The grandfather of the toddler who took a fatal fall from a cruise ship docked in Puerto Rico in July was charged Monday with negligent homicide in her death.
Prosecutors in San Juan say Salvatore Anello raised his 18-month-old granddaughter, Chloe Wiegand, up to an open window of Royal Caribbean’s Freedom of the Seas on July 17.
The girl plunged from the ship’s 11th floor to the concrete on the Pan American dock II in San Juan below.
A lawyer for the Indiana family has said Chloe asked her grandfather to lift her up so she could bang on the window of a children’s play area — which had been slid open, unbeknownst to him.
“Chloe wanted to bang on the glass like she always did at her older brothers’ hockey games,” attorney Michael Winkleman said in a July statement.
“Her grandfather thought there was glass just like everywhere else, but there was not, and she was gone in an instant.”

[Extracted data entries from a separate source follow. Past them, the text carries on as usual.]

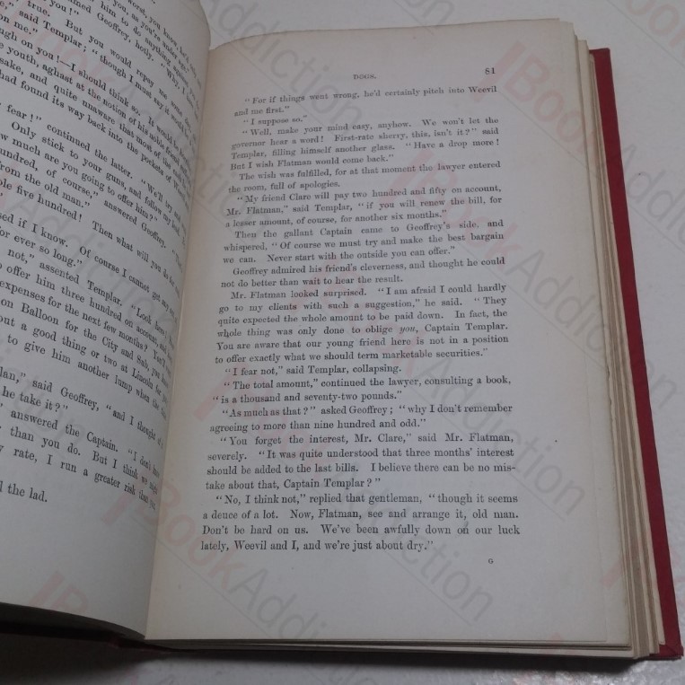 352pp, twenty colour plates (guarded). Red cloth-covered boards; black and gilt design on front and spine, gilt titles on front and spine; bevelled edges. Sun faded spine; bumped spine ends, cloth fraying. Boards lightly stained. Text block edges dusty. Rear endpapers has small amount of bleeding from rear board. Internally neat, clean, bright and tight. Dust jacket has very light shelf wear, chipping to edges, mirrors book damage, price clipped. Victorian novel set in Ireland about an admirable guardian and a foolish young man who is his ward. 8vo.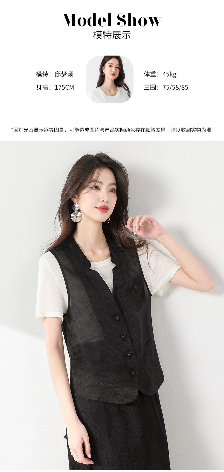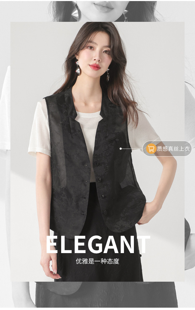 商品名称:【100%桑蚕丝】V领纯色无袖真丝背心马甲坎肩马夹春夏小外套 480851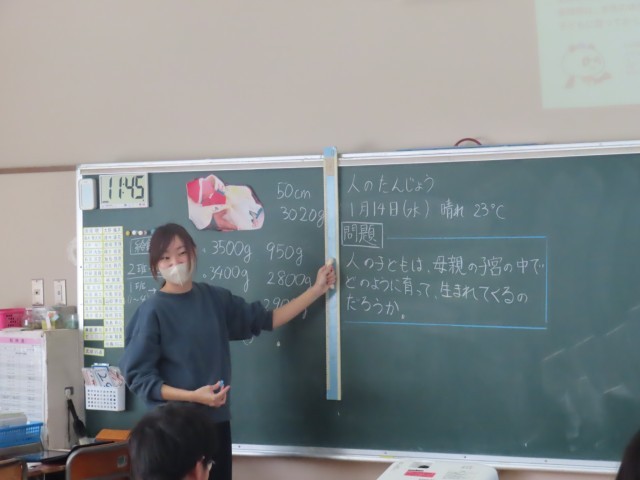 5年生の理科では、「人のたんじょう」の学習に入りました。今日は「人の子どもは母親の子宮の中で、どのように育って生まれてくるのだろうか」という単元の課題について、みんなで確認しました。これからの学習に見通しをもちながら、真剣に話を聞く姿が見られました。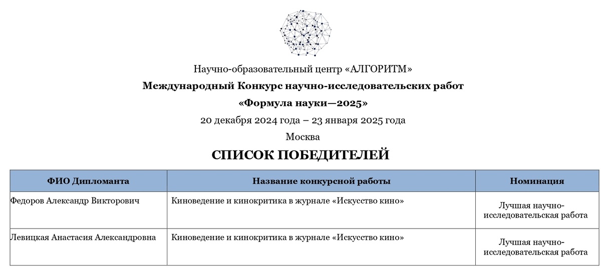 Федоров А.В., Левицкая А.А. Журнал «Советский экран»: мнения кинокритиков и читателей. М.: ОД «Информация для всех», 2025. 590 с. Федоров А.В., Левицкая А.А., Горбаткова О.И. Киноведение и кинокритика в журнале «Искусство кино». М.: ОД «Информация для всех», 2025. 403 с. Обе эти монографии можно прочесть в свободном доступе, без логина и пароля в Интернете на сайте издательства ОД "Информация для всех"
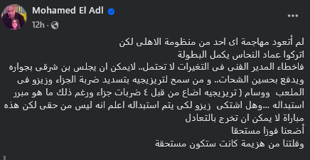 وكتب رئيس قناة الأهلي السابق، عبر حسابه الشخصي على موقع التواصل الاجتماعي فيس بوك، قائلًا: لم أتعود مهاجمة أى أحد من منظومة الأهلى لكن اتركوا عماد النحاس يكمل البطولة.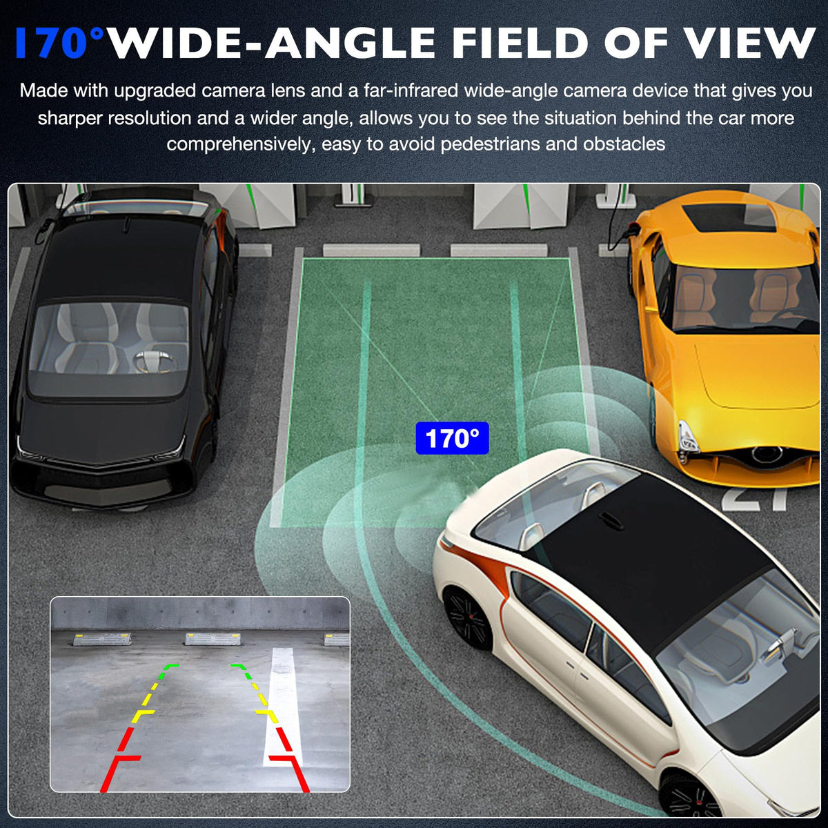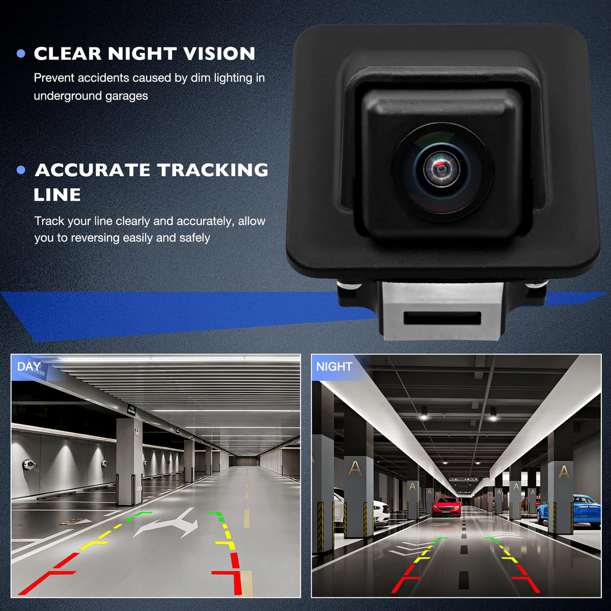 Q: What are the key features of this backup camera?A: Key features include HD color imaging, precise tracking lines that follow the steering wheel, a wide 130° viewing angle, IP68 waterproof rating, and easy installation with a factory-style connector.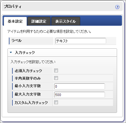 - ユーザ入力チェック時の入力フィールドの最大入力文字数を設定します。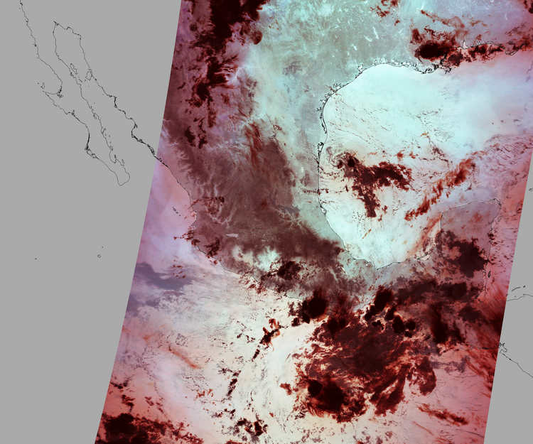 Nubosidad en el terreno:8% Nubosidad sobre México:4% Datos nulos en la escena:29% Datos nulos sobre México:22% |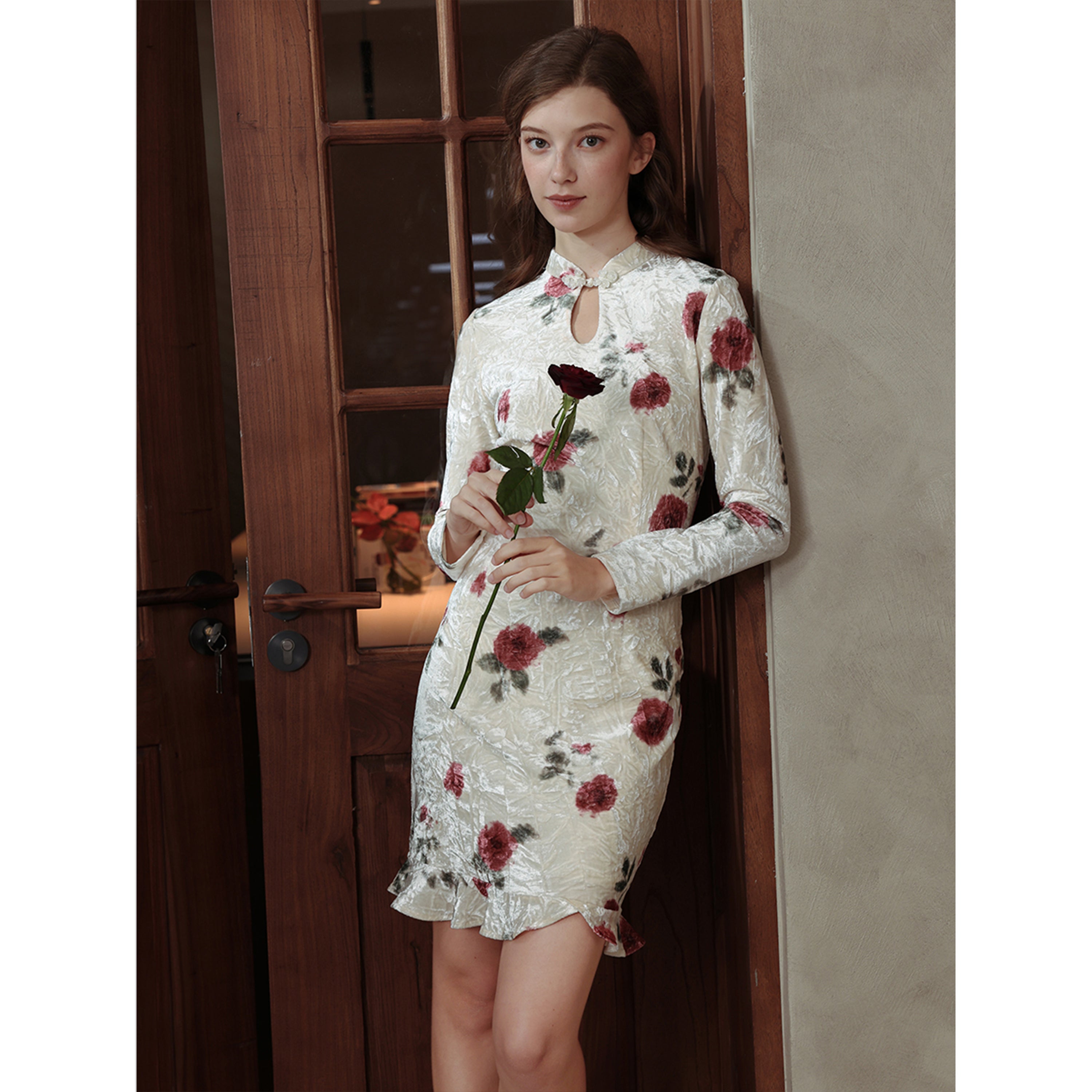 Stretch Velvet Cheongsam Dress with Rose Print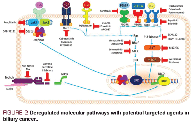 FIGURE 2: Deregulated molecular pathways with potential targeted agents in biliary cancer..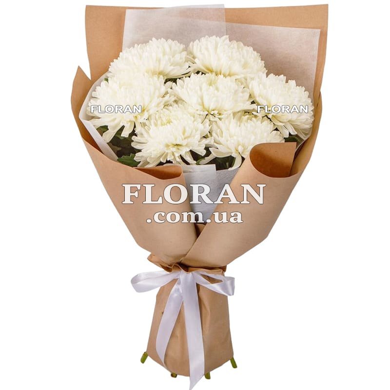 Не упустите возможность подарить этот прекрасный букет из 7 крупных белых хризантем в крафт-упаковке. Он станет великолепным символом вашей заботы, любви и внимания к получателю.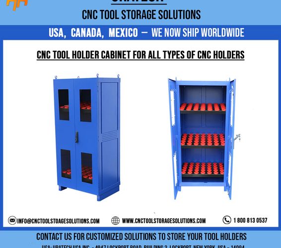 Uratech designs and manufactures tool cabinet to store all types of CNC holders, made from 11-gauge powder-coated steel with welded construction, ready to use, and available for shipping.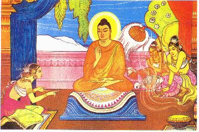 Omdat Khema, de wederhelft van koning Bimbisara, wist dat de Boeddha dit onderwees, probeerde ze steeds wanneer ze de tempel bezocht, een ontmoeting met de Boeddha te voorkomen. Omdat zij buitengewoon mooi was, was ze bang dat de Boeddha zijn minachting over haar zelfbewustzijn omtrent haar zelfingenomenheid zou uitspreken. Hij zou wel eens over de vergankelijke aard van dingen kunnen spreken. Maar op een zekere dag liet de koning haar toch bij de Boeddha brengen. De Boeddha creëerde met zijn bovenwereldse gave vlak voor Khema een luchtspiegeling van een mooie vrouw. Hij liet de figuur gestaag ouder worden. Telkens wanneer Khema met haar oogleden knipperde, werd de vrouw een tiental jaren ouder: eerst was ze van middelbare leeftijd, toen van hoge leeftijd en vervolgens iemand van zeer oude leeftijd die van geen enkel nut meer kon zijn.

Parents Alan and Kimberly Wiegand have said they don’t blame Anello for the tragedy, instead blasting the cruise line as negligent for inexplicably leaving the window open.
“We obviously blame them,” Kimberly, a former St. Joseph County deputy prosecutor, told NBC’s “Today” show earlier this year.
“We have a lot of questions. Why is there an open window in the kids’ area 11 stories up?” she asked.
The cruise line told the family the window was open for ventilation, she added.
Kimberly said Anello was “extremely hysterical” after the incident and that “at no point has [he] ever put our kids in danger.”
“You can barely look at him without him crying,” she said. “[Chloe] was his best friend.”
Anello is being held on $80,000 bond and is scheduled to appear in court Nov. 20.